DNA Ink DNA is extracted painlessly from a human (or animal) hair or nail, and then mixed with ordinary ink to create DNA-enriched ink: the ultimate in vanity press. It’s already been used to add a personal touch to several self-published autobiographies
Invisible Ink Paper is coated with photosensitive chemicals that darken when exposed to UV light produced by a special printer. Whatever is printed onto the page fades away after 24 hours.
Eco Ink The Big Print, a printing company in Seattle, have become one of the first to trial a new eco friendly type of ink made from ethyl lactate, which is derived from corn, which unlike traditional petroleum-based inks, is both renewable and biodegradable.

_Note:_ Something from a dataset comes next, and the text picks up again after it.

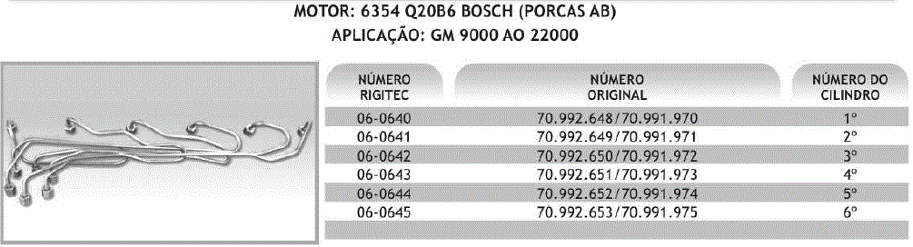 28557 - CANO INJ GM D9000/D11000/D22000 6354 Q20B6 BOMBA BOSCH 6-CIL

Nano Ink An ingenious type of ink that makes it possible to print the CIGS (copper indium gallium selenide) semiconductor of a high-performance solar cell in exactly the right atomic ratios, making mass production quicker and easier.
Silver Nanoparticle Ink The University of Illinois have developed a new type of silver-based ink, made from silver nanoparticles, which can be used to create microelectrodes that carry signals between circuit elements. These microelectrodes can be stretched and bent repeatedly with little change in their electrical properties.
Gold ‘Fountain Pen’ Ink The electrical properties of these 5 mincron thick stripes can be customised by changing the power of an Argon laser and scanning speed, providing an exciting new way of creating miniature resistors and conductive tracks for flexible electronics.
Bio Ink A research team has already managed to grow muscle and bone in the same dish, the first time more than one type of tissue has been grown from a single population of stem cells. They hope this technology can one day be used to repair various tissues at the same time.